TASK STATEMENT ▸
Please give back each line of the material unchanged, but without the images.
PROVIDED DATA: Begin
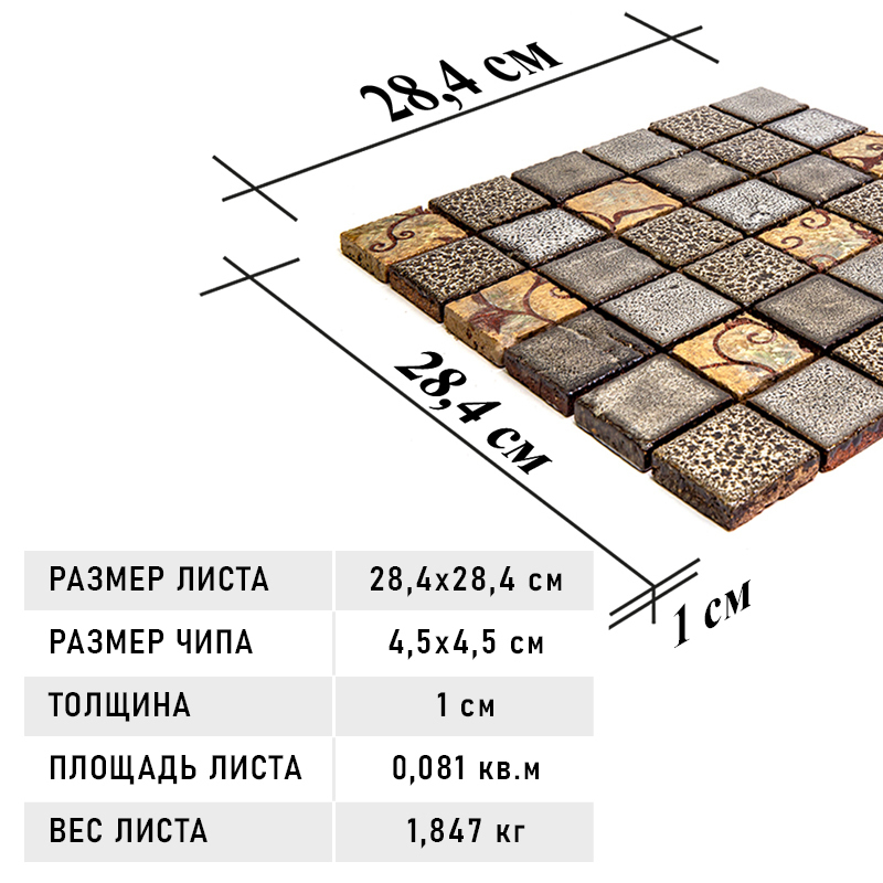 Плитка мозаика GAUDI Rustico 32.7 см x 32.7 см, размер чипа: 20x20 мм
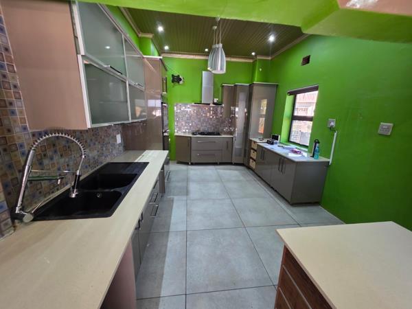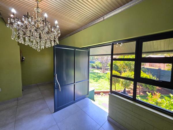 Step outside to a large garden complete with a swimming pool, borehole, and JoJo tank, ensuring both relaxation and water efficiency.
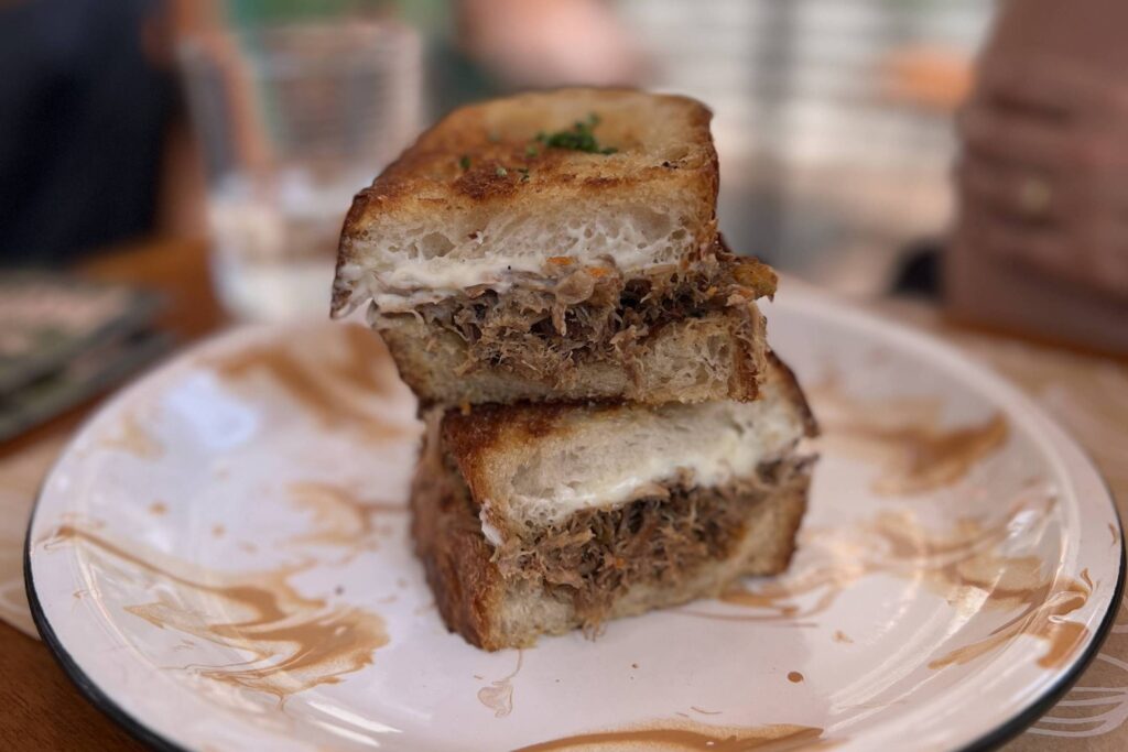 Entre os queridinhos da casa está o sanduíche de carne de panela com requeijão e geleia de pimenta com maracujá (R$ 42). Servido com bastante recheio em pão de fermentação natural, vale por um almoço.
PROVIDED DATA: End
ANSWER TO THIS EXERCISE ▸
 Плитка мозаика GAUDI Rustico 32.7 см x 32.7 см, размер чипа: 20x20 мм
 Step outside to a large garden complete with a swimming pool, borehole, and JoJo tank, ensuring both relaxation and water efficiency.
 Entre os queridinhos da casa está o sanduíche de carne de panela com requeijão e geleia de pimenta com maracujá (R$ 42). Servido com bastante recheio em pão de fermentação natural, vale por um almoço.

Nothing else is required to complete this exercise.